Judge of the Supreme Court of Federation of Rhodesia and Nyasaland
- In office 1958–1963

Justice of Appeal in the East African Court of Appeal (Vice-President 1957)
- In office 1953–1957

Judge of the Supreme Court of the Federation of Malaya
- In office 1949–1953

Personal details
- Born: 9 July 1902
- Died: 6 July 1983 (aged 80)
- Education: Trinity College, Oxford
- Profession: Barrister and colonial judge

= Francis Briggs (judge) =

British judge (1902–1983)

Sir Francis Arthur Briggs (9 July 1902 – 6 July 1983) was a British barrister and colonial judge.

== Early life and education ==

Briggs was born on 9 July 1902 to William Francis Briggs and Jane Greig. He was educated at Charterhouse School and Trinity College, Oxford.

== Career ==

Briggs was called to the Bar by the Inner Temple in 1927. He went to Malaya in 1928, and in the same year joined the law firm Bannon and Bailey of Kuala Lumpur and was admitted to practise at the Federated Malay States Bar. He subsequently practised as an advocate and solicitor in the Federated Malay States, the Straits Settlements and in Johore until the outbreak of World War Two.

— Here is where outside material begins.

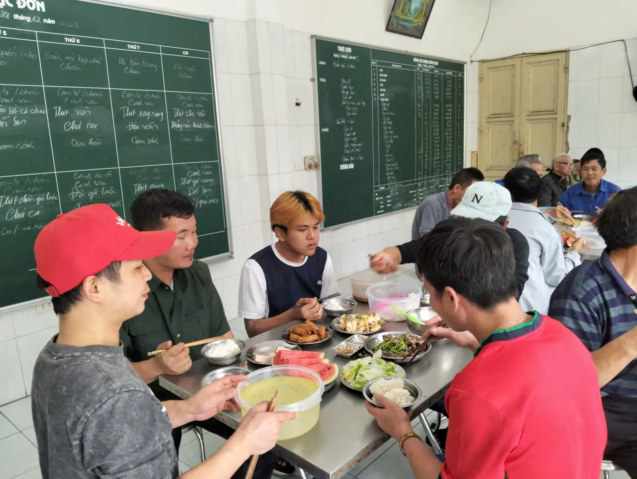 Bữa trưa của các đối tượng có nhiều món ăn tươi, hấp dẫn.
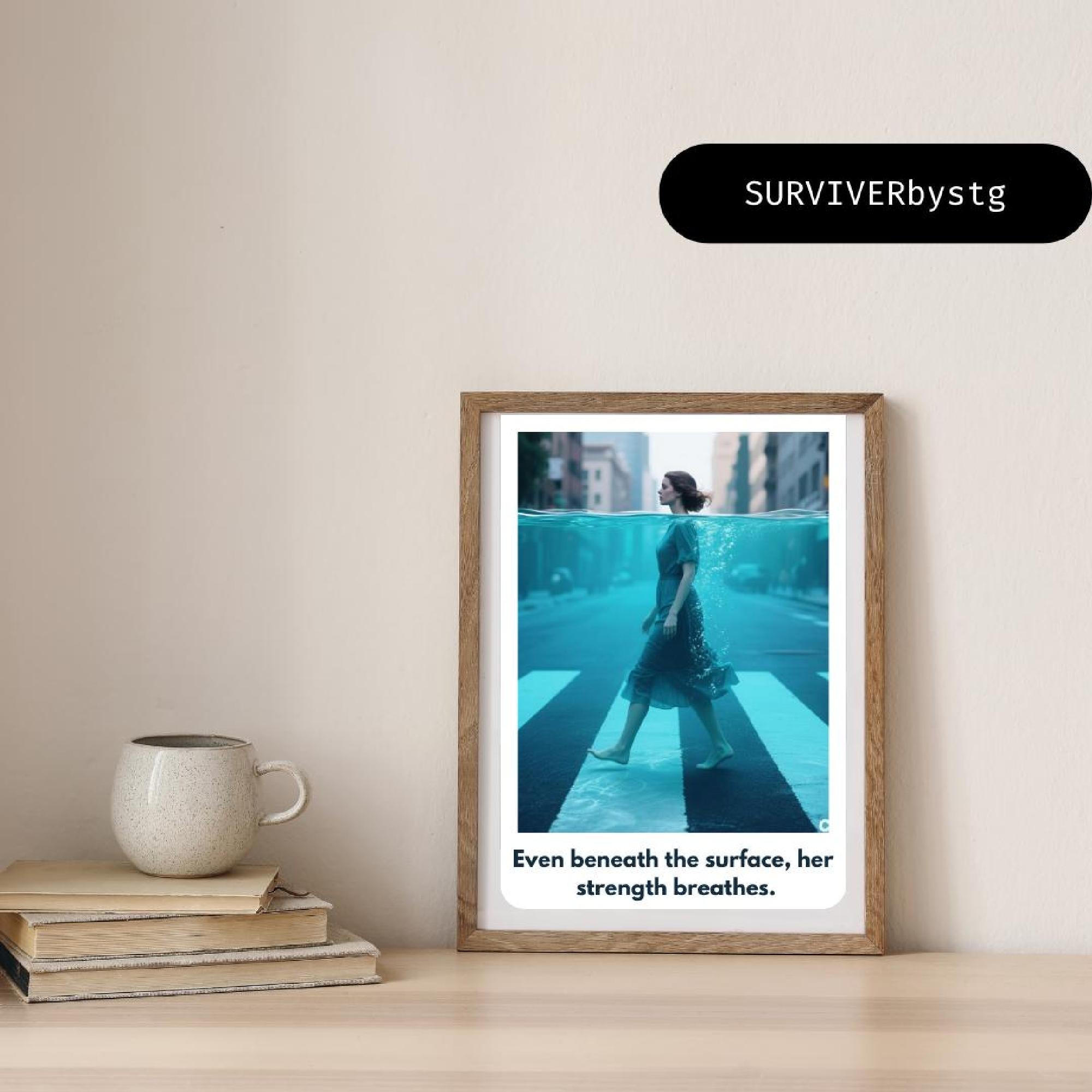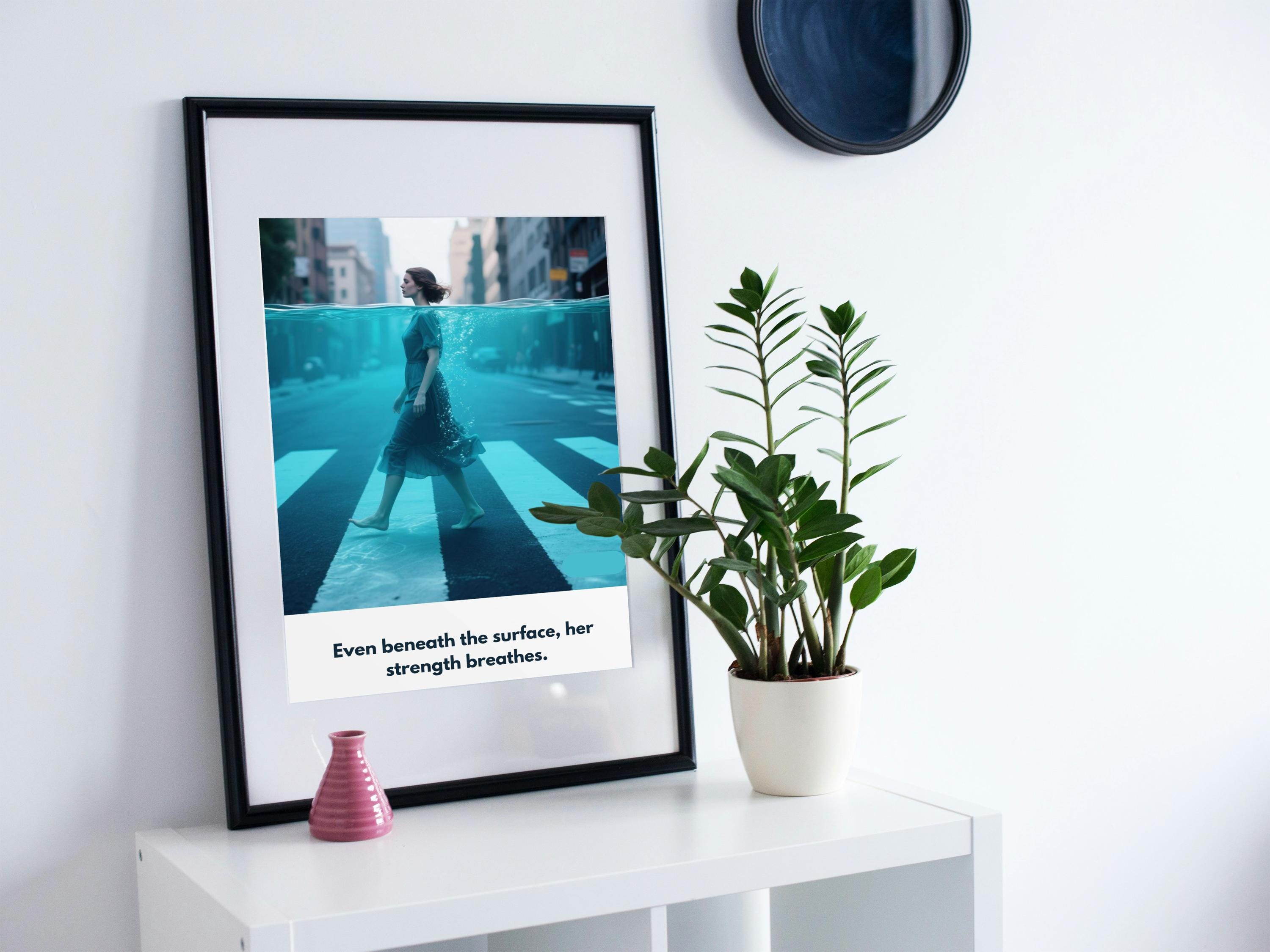 Bring a touch of inspiration to your space with this modern wall decor. This digital print features contemporary art with an ocean effect print, showing a woman walking through water—an image that radiates calm and quiet strength. It’s more than just art—it’s a daily reminder of your resilience and self-belief.

In 1940, he was commissioned into the Royal Air Force Volunteer Reserve where he served until 1946. He was mentioned in despatches, and rose to the rank of Wing Commander.

In 1945, Briggs joined the colonial legal service and went to Singapore where he was appointed President of the Superior Court of Singapore. He presided at the trial in the British Officer Court of the first Singapore civilian charged with collaboration during the Japanese occupation of Malaya. He also served as Court Registrar, and as President of the Assessors' Court, and was instrumental in the establishment of the first Juvenile Court.

In 1949, Briggs went to Kuala Lumpur and until 1953 served as a puisne judge of the Supreme Court of the Federation of Malaya.

After leaving Malaya in 1953, Briggs went to East Africa where he served as Justice of Appeal in the East African Court of Appeal until 1958, and was elevated to vice-president of the court in 1957. In 1958, he was appointed Federal Justice of the Supreme Court of Federation of Rhodesia and Nyasaland, where he remained in office until his retirement from the colonial legal service in 1963.

== Personal life and death ==

Briggs married Edna Dorothy (née Keylock) in 1953 and did not have children. He died on 6 July 1983, aged 80.

== Honours ==

Briggs was appointed Knight Bachelor in the 1961 Birthday Honours.